Source data:
* * *
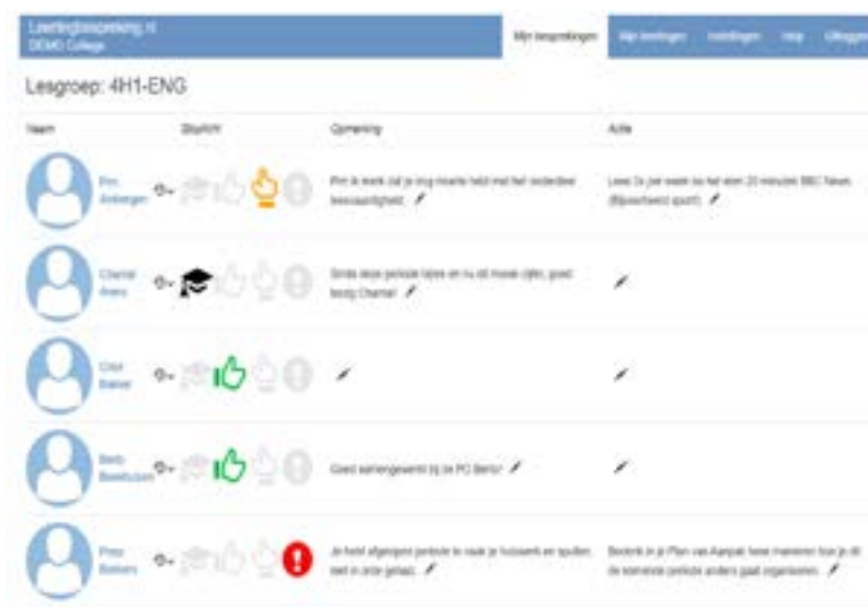
Afbeelding: voorbeeld Catwise dashboard

Twee keer per jaar krijgt jouw kind van iedere docent feedback via Catwise. Het gaat hierbij niet over de cijfers, maar over het proces. De vakdocenten vullen "het stoplicht" en waar nodig feedback in. Leerlingen maken een plan van aanpak voor vakken waar dit bij nodig is. Deze feedback en het plan van aanpak kan ook onderdeel zijn van de driehoeksgesprekken.
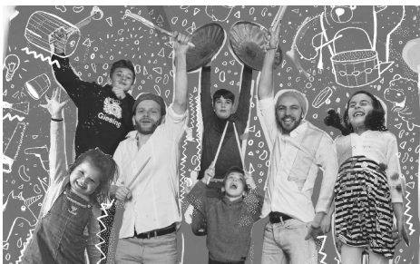
Double Drums: Groovin' Kids (Plakatausschnitt)

Illustration: Paul Grabowski
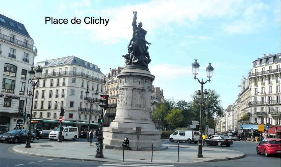
Place de Clichy

La fontaine Wallace se dresse à quelques mètres d'un énorme rond-point avec un monument central. Cette fontaine Wallace est probablement l'une des quarante premières, bien qu'elle ait été déplacée de son emplacement original.
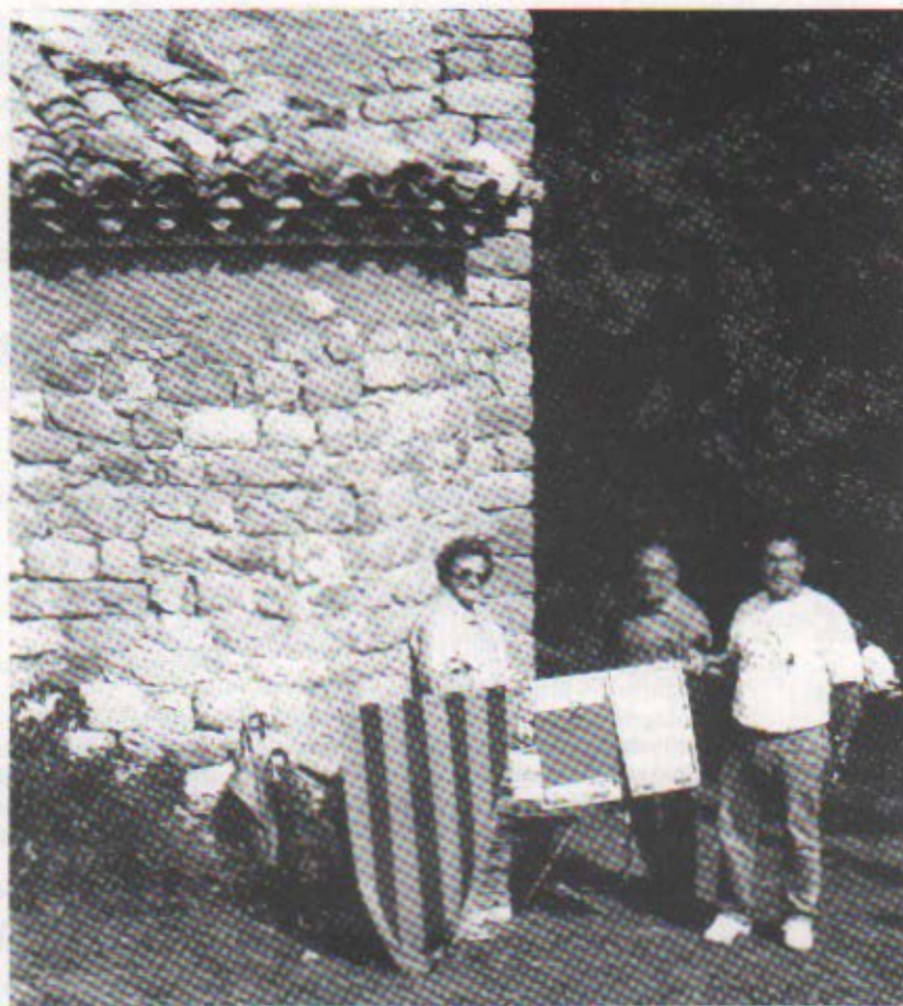
IV Caminada de Guardiola Sant Joan de l'Avellanet
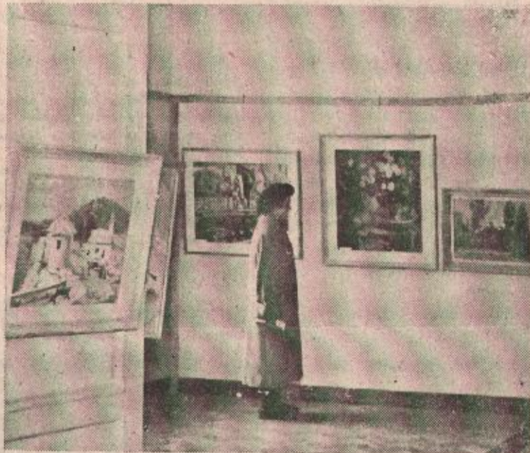
Jugoslaviji, već i u Evropi predstavljaju pojam u umjetničkom svijetu. Iako većina tih umjet-

riskom prošlosti — potvrđuje s pravom mišljenje da je Banjoj Luci neophodno potrebna umjet-
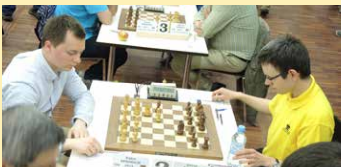
GM Navara D. 2730 ½ : ½ 2590 GM Bindrich F. (C)
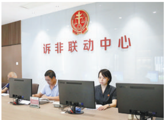
▲法院诉非联动中心特邀调解员入驻工作。
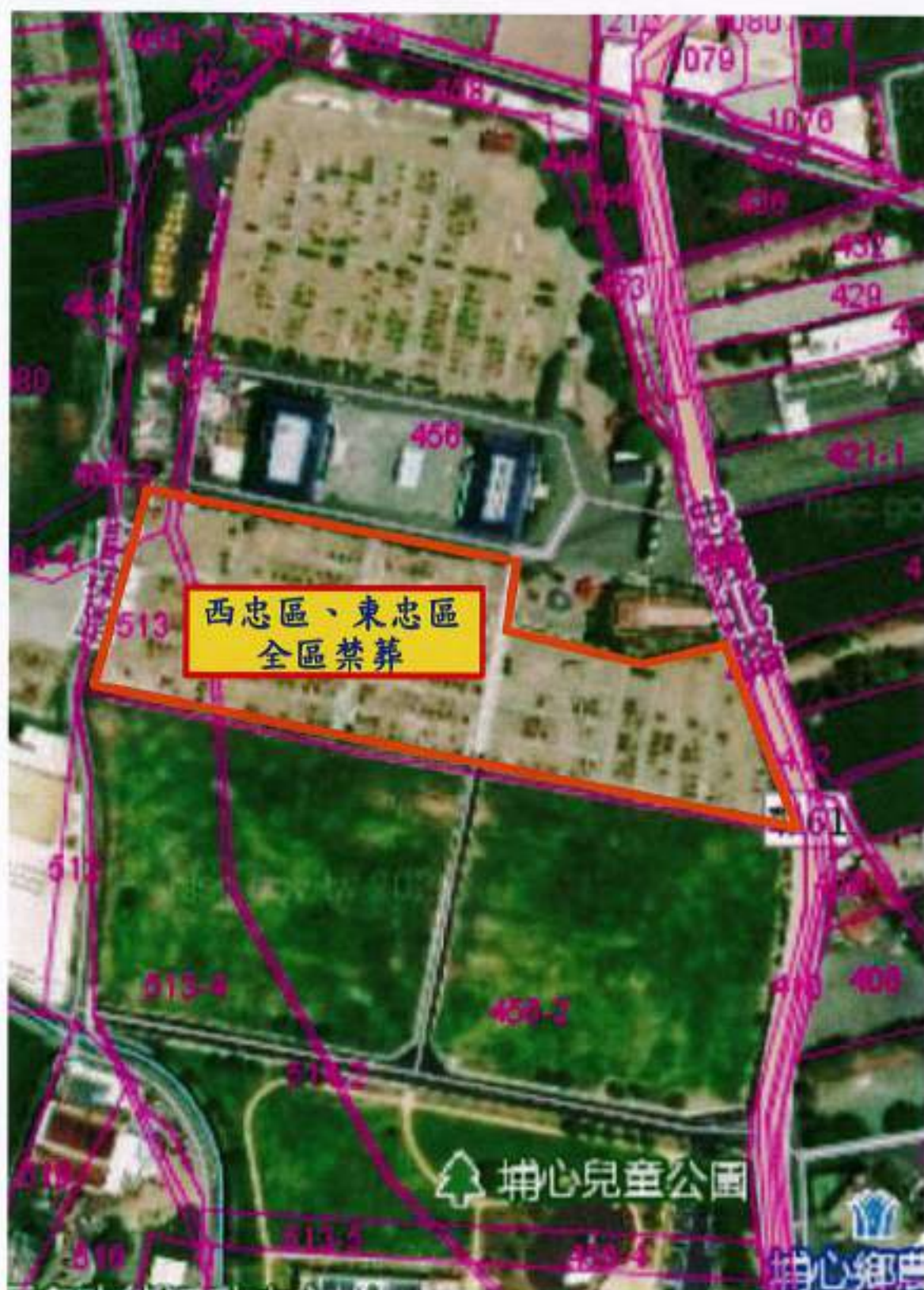
彰化縣埔心鄉第一示範公墓禁葬範圍平面圖
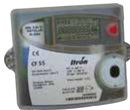
Isı sayacında Anyquest Option Board
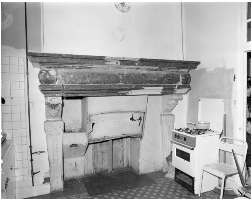
Détail d'une cheminée au premier étage de l'habitation, située 12 rue du Marché. 70, Gray, 10, 12 rue du Marché
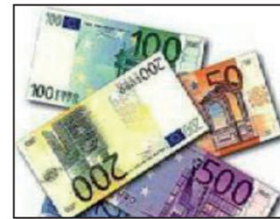
Les moyens de paiements
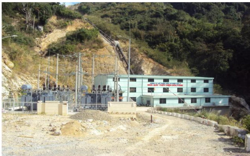
Toàn c nh Nhà máy thủy i n k Pône

+ Ngày 01/06/2010: Nhà máy thủy i n (NMT ) k Pône chính th c a vào v n hành th ng m i.
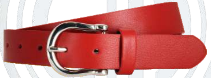
32 rot / red
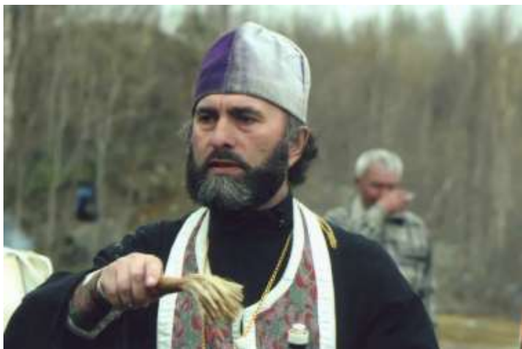
Освящение поклонного креста - памятника спецпереселенцам.
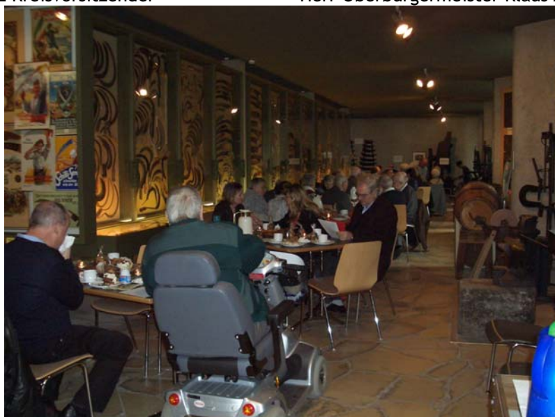
Es waren ca. 50 Besucher anwesend
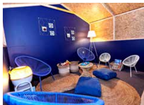
La cabane : un moment de détente en fin d'exposition

“PARCE QUE LA VISITE DE NOS EXPOSITIONS DOIT DEVENIR UNE EXPÉRIENCE SENSIBLE..”
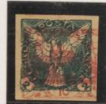
Doble impresion sobre 10h (n°5)
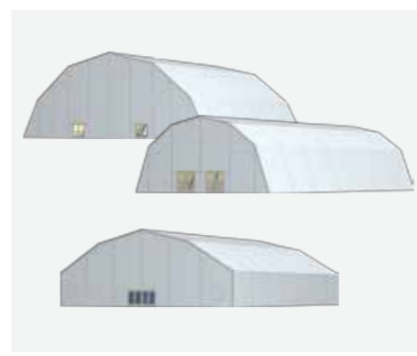
18 m, 30 m, 36 m

Die RÖDER Polygonhalle überzeugt mit einer eindrucksvollen Höhe von bis zu 14 m sowie mit großen Spannweiten von 18 bis 36 m vor allem bei sportlichen Anlässen. Outdoorsportstätten wie Tennisplätze, Schwimmbäder und Volleyball Courts lassen sich problemlos und individuell zu Hallensportanlagen umfunktionieren. Neben drei verschiedenen Spannweiten können auch die Seiten- und Firsthöhen entsprechend der jeweiligen Anforderungen gewählt werden. Ein umfangreiches Angebot an Zubehör wie Schiebe- und Planentore, feste Türen, verschiedene Bodensysteme, Heizungs- und Klimaanlage sowie Beleuchtungssysteme komplettieren das Polygonzelt.
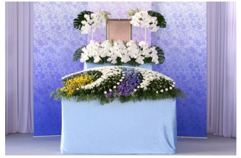
花祭壇 Bタイプの場合 649,200円 税別

各祭壇に下記項目が共通して含まれます。人数の超過が無ければ追加料金はありません。
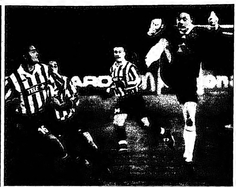
ابن الكرة مناصفة بين لاعبي يوفنتوس وفرنسيين في الدوري الإيطالي من تأهل لها الكرة (اليسار)
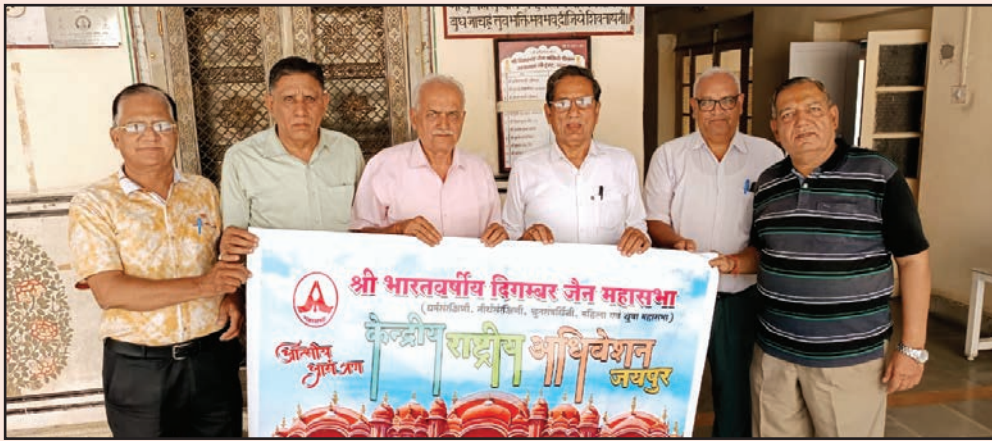
जयपुर. शाबाश इंडिया

जैन समाज के लिए हर्ष का विषय है कि इस वर्ष समाज के विकास एवं कल्याण के लिए कृतसंकल्प 130 वर्ष पुरानी
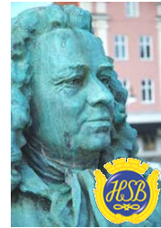
Brf Alströmer Alingsås
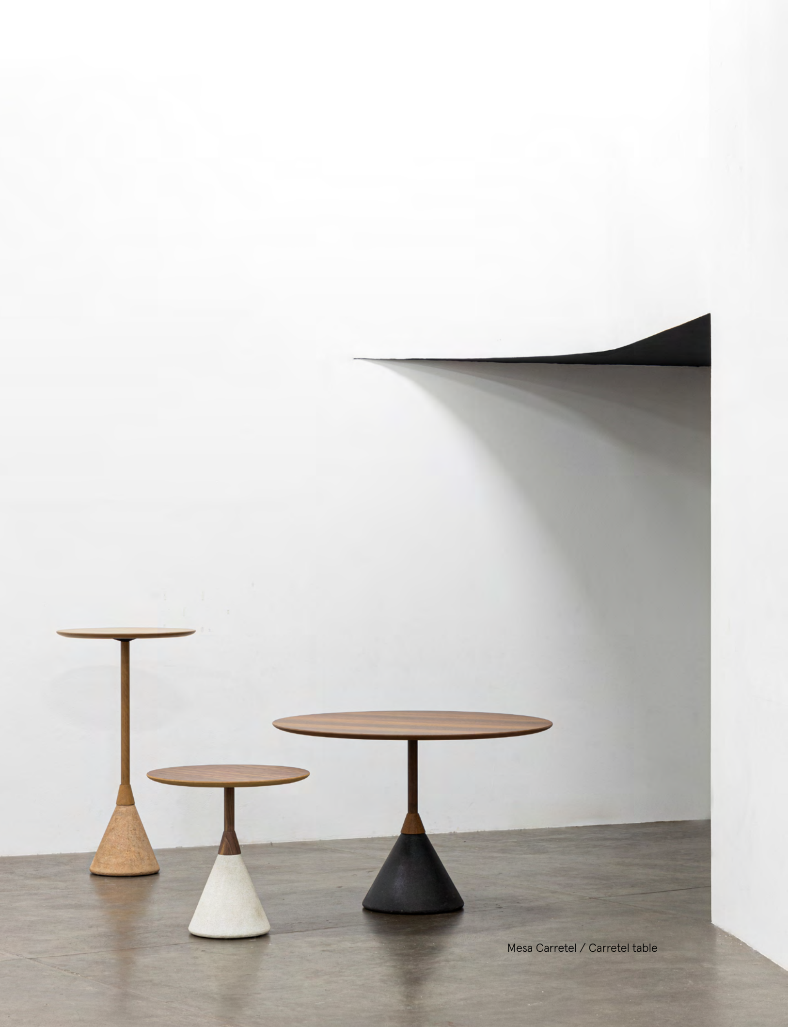
Mesa Carretel / Carretel table
* * *
- _WHAT YOU NEED TO DO_: Show the lines of the entries that include the string "Pône", copying each in full.

- _RESULT_:
Toàn c nh Nhà máy thủy i n k Pône
+ Ngày 01/06/2010: Nhà máy thủy i n (NMT ) k Pône chính th c a vào v n hành th ng m i.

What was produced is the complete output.